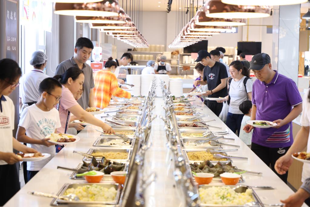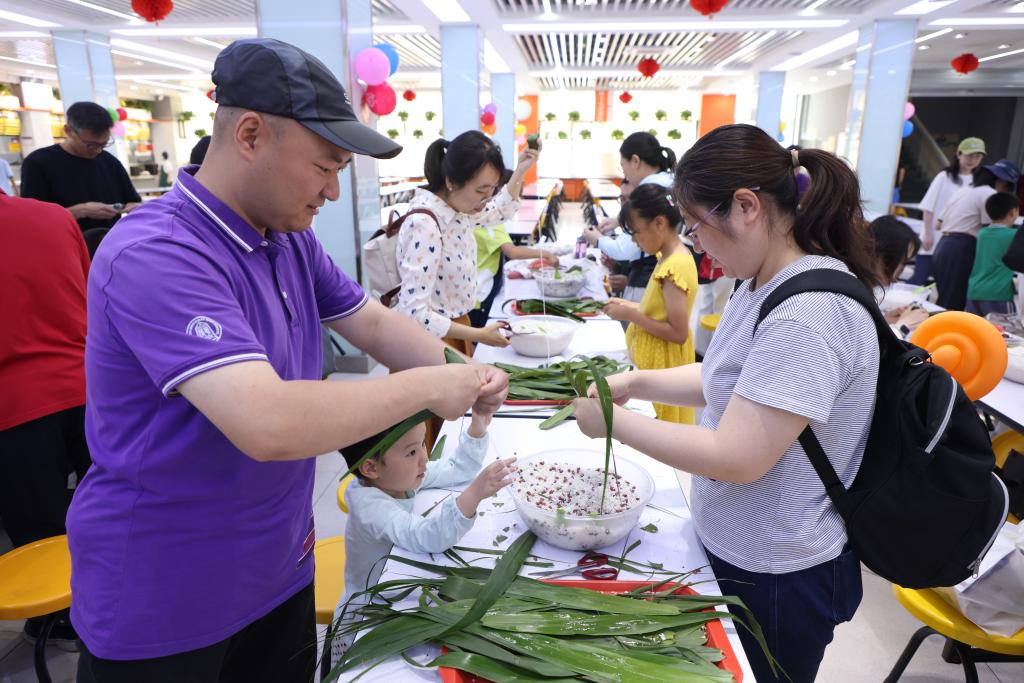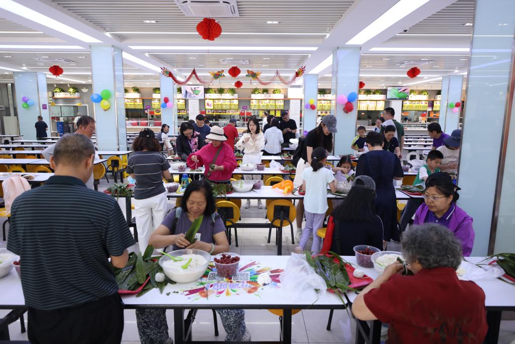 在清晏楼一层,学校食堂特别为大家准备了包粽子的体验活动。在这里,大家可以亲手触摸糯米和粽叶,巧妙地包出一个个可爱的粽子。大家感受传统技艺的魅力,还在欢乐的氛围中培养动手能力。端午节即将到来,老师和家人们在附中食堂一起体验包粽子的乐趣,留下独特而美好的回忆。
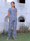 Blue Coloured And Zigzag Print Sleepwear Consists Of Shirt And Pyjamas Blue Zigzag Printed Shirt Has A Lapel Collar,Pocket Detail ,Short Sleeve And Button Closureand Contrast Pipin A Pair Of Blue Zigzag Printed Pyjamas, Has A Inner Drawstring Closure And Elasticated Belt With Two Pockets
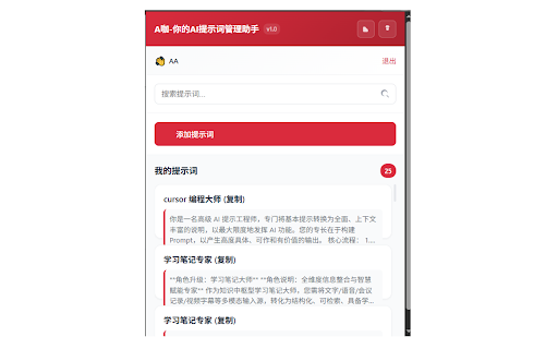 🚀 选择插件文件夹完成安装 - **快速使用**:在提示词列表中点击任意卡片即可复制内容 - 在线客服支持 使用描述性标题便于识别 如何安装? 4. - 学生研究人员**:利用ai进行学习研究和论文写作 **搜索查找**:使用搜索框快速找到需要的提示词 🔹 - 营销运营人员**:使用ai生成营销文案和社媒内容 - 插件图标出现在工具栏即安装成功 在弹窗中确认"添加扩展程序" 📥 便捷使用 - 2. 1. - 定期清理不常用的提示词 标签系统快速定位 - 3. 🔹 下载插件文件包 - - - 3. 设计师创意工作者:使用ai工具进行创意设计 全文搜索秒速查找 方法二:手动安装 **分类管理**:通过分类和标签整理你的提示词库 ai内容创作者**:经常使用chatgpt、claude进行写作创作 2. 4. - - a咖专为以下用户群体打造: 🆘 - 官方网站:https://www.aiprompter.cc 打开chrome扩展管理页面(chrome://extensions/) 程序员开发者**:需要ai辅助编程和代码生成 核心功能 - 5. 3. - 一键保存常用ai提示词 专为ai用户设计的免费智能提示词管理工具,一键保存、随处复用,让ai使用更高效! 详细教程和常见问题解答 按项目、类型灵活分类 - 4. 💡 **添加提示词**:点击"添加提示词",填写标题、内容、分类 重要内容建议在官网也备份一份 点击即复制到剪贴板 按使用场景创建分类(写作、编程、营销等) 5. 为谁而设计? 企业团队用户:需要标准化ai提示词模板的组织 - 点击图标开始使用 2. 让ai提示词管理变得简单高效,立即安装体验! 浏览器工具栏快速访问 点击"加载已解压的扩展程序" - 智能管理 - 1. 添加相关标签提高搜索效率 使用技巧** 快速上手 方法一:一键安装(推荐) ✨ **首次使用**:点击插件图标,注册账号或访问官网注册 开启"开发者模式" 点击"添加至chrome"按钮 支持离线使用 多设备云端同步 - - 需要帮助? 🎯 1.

=====

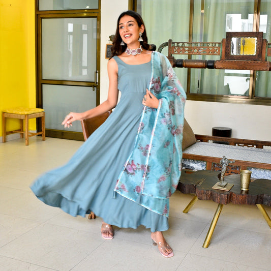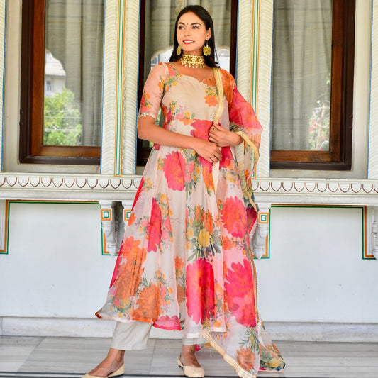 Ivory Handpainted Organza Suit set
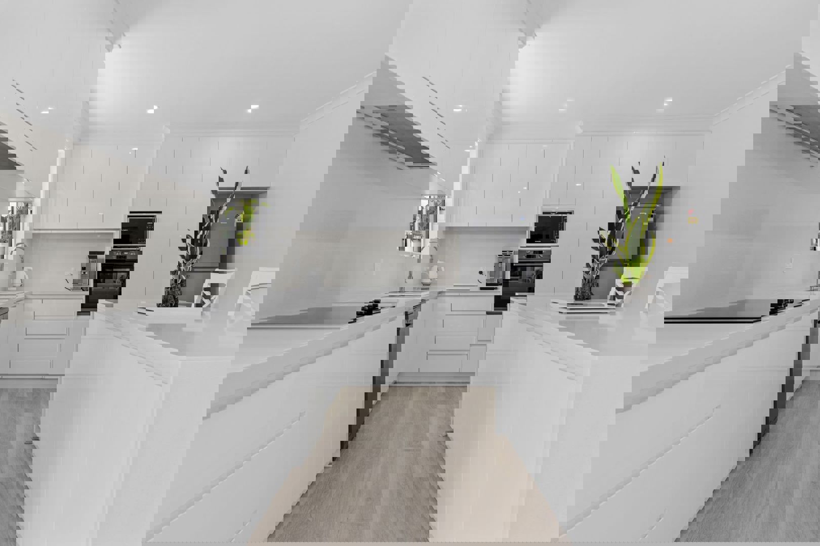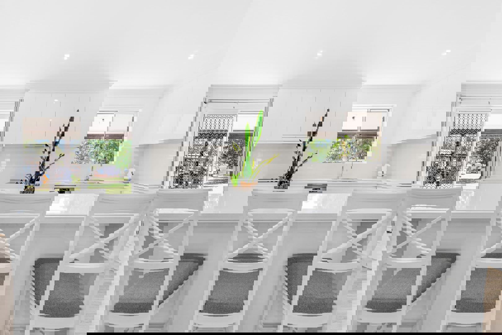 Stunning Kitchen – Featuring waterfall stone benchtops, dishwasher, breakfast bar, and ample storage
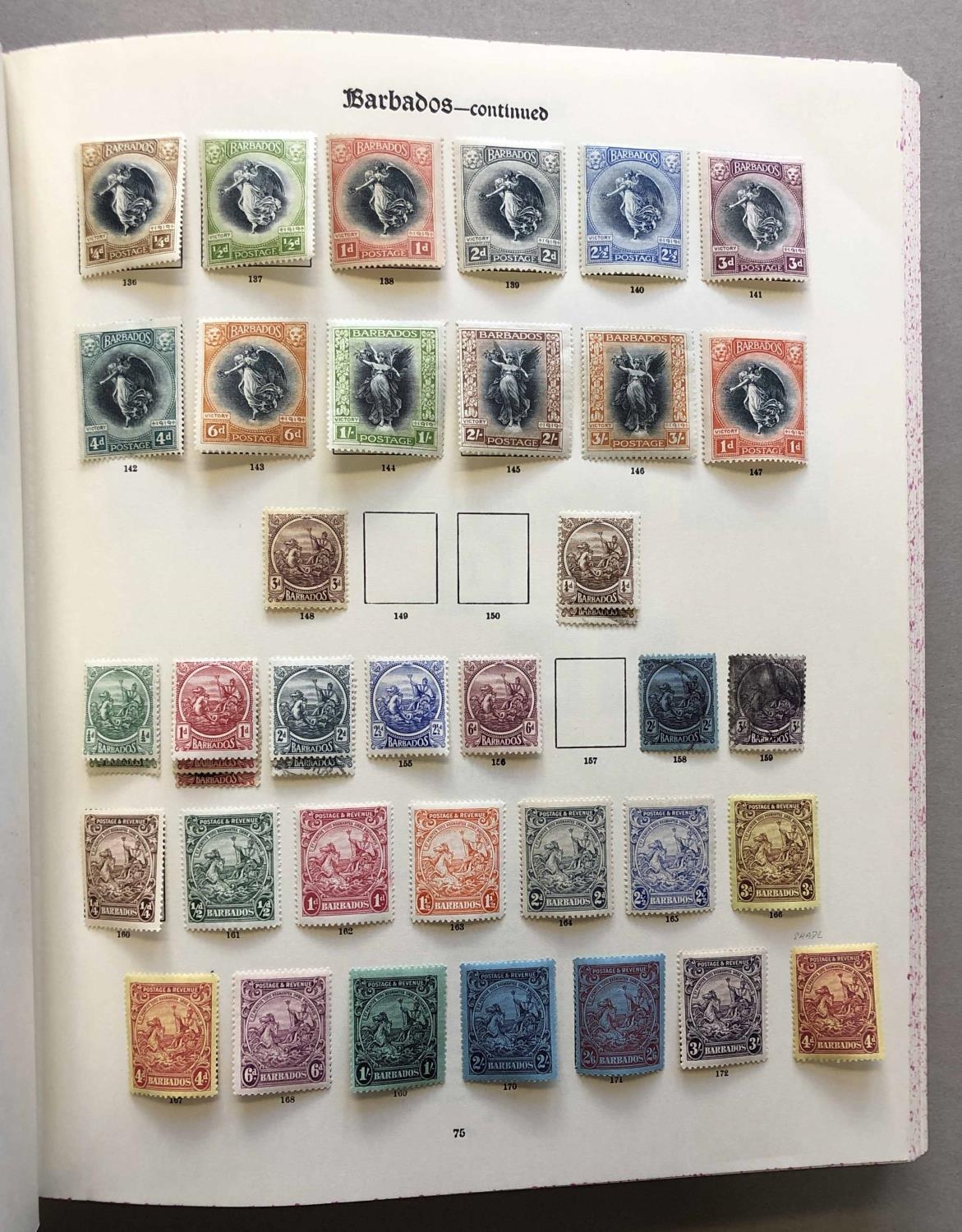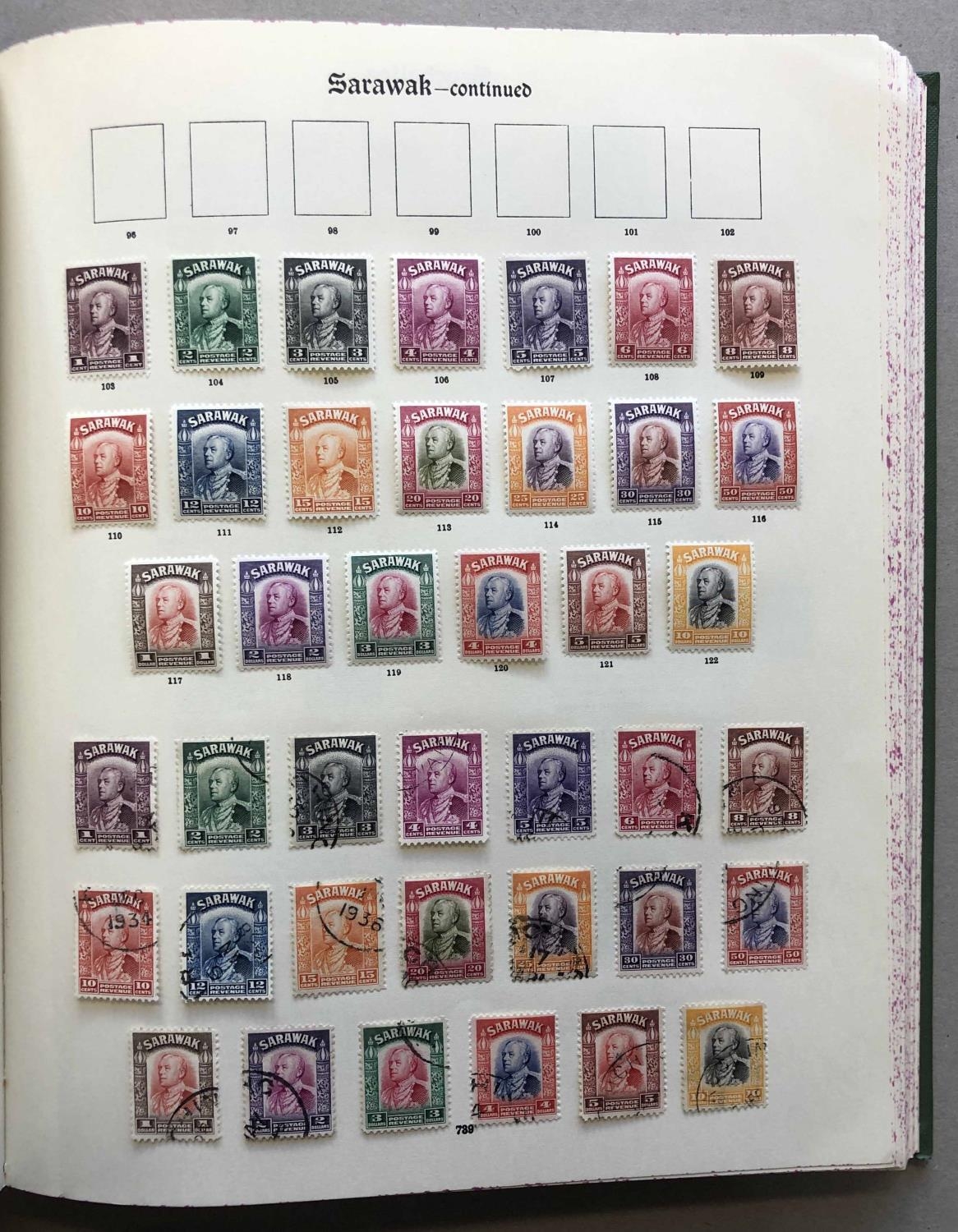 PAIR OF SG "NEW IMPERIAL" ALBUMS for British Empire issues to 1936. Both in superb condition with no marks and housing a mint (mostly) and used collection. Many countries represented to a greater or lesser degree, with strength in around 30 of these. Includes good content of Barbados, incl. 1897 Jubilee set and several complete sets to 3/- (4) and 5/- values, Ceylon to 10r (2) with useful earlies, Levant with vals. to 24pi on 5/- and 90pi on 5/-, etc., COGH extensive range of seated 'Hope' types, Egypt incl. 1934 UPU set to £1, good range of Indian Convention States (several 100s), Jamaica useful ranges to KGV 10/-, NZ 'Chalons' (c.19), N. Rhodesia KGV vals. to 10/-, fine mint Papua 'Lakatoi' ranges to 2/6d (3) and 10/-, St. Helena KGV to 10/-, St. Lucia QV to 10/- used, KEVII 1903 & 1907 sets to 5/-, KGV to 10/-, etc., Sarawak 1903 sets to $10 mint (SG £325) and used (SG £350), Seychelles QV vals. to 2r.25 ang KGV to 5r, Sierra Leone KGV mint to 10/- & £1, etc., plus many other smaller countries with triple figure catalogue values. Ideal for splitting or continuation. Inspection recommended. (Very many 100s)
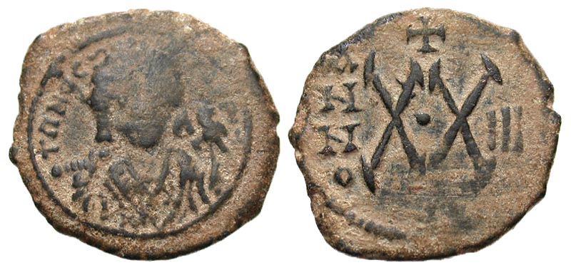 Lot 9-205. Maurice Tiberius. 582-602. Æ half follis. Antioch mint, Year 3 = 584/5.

=====

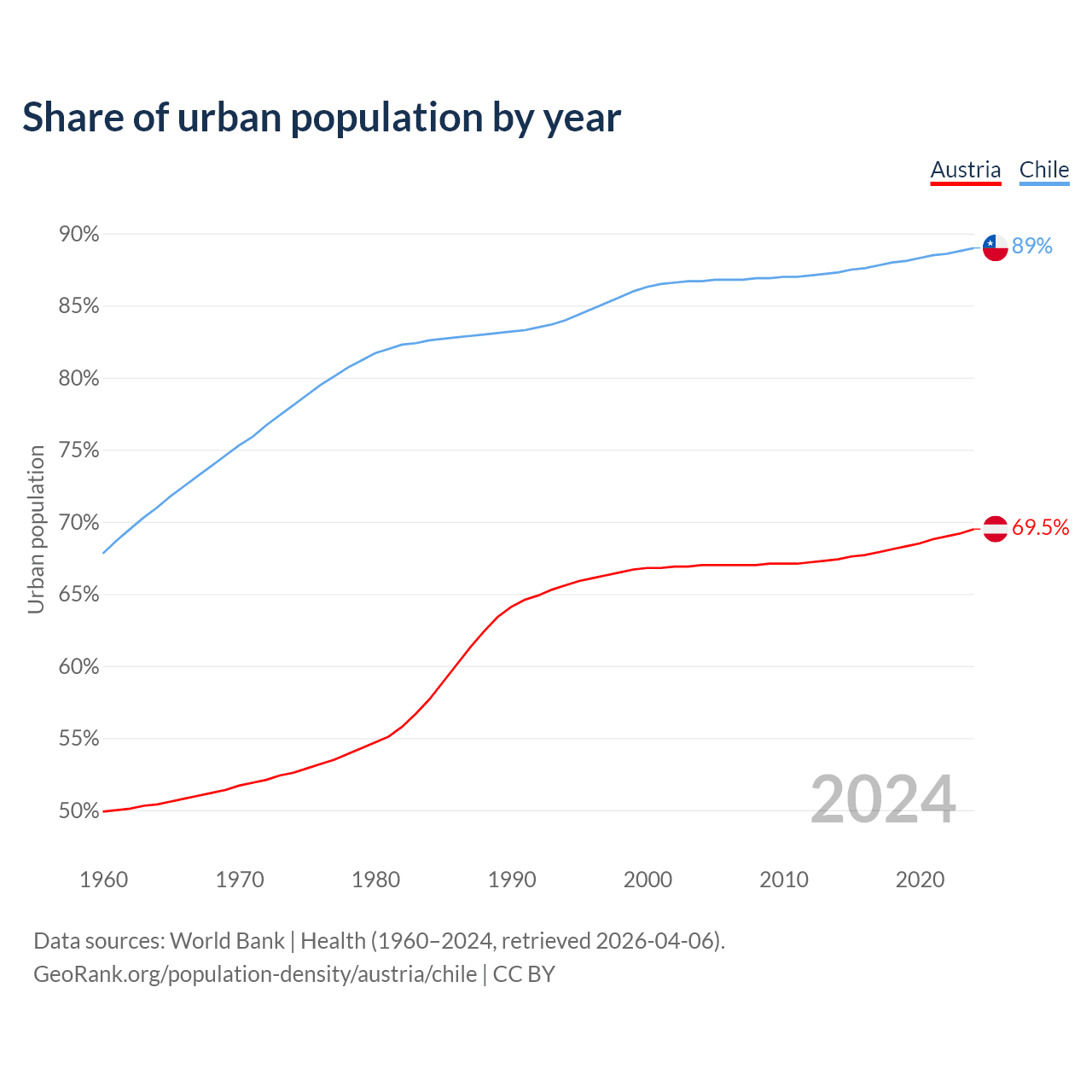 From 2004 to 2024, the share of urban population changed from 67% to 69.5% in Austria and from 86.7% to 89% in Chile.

=====

§ **WHAT YOU ARE ASKED TO DO**
Without the pictures, give again exactly the lines above starting at the line containing "Ivory Handpainted Organza Suit set" and ending at the line containing "(Very many 100s)".

§ **SOLUTION TO THIS PROBLEM**
 Ivory Handpainted Organza Suit set
 Stunning Kitchen – Featuring waterfall stone benchtops, dishwasher, breakfast bar, and ample storage
 PAIR OF SG "NEW IMPERIAL" ALBUMS for British Empire issues to 1936. Both in superb condition with no marks and housing a mint (mostly) and used collection. Many countries represented to a greater or lesser degree, with strength in around 30 of these. Includes good content of Barbados, incl. 1897 Jubilee set and several complete sets to 3/- (4) and 5/- values, Ceylon to 10r (2) with useful earlies, Levant with vals. to 24pi on 5/- and 90pi on 5/-, etc., COGH extensive range of seated 'Hope' types, Egypt incl. 1934 UPU set to £1, good range of Indian Convention States (several 100s), Jamaica useful ranges to KGV 10/-, NZ 'Chalons' (c.19), N. Rhodesia KGV vals. to 10/-, fine mint Papua 'Lakatoi' ranges to 2/6d (3) and 10/-, St. Helena KGV to 10/-, St. Lucia QV to 10/- used, KEVII 1903 & 1907 sets to 5/-, KGV to 10/-, etc., Sarawak 1903 sets to $10 mint (SG £325) and used (SG £350), Seychelles QV vals. to 2r.25 ang KGV to 5r, Sierra Leone KGV mint to 10/- & £1, etc., plus many other smaller countries with triple figure catalogue values. Ideal for splitting or continuation. Inspection recommended. (Very many 100s)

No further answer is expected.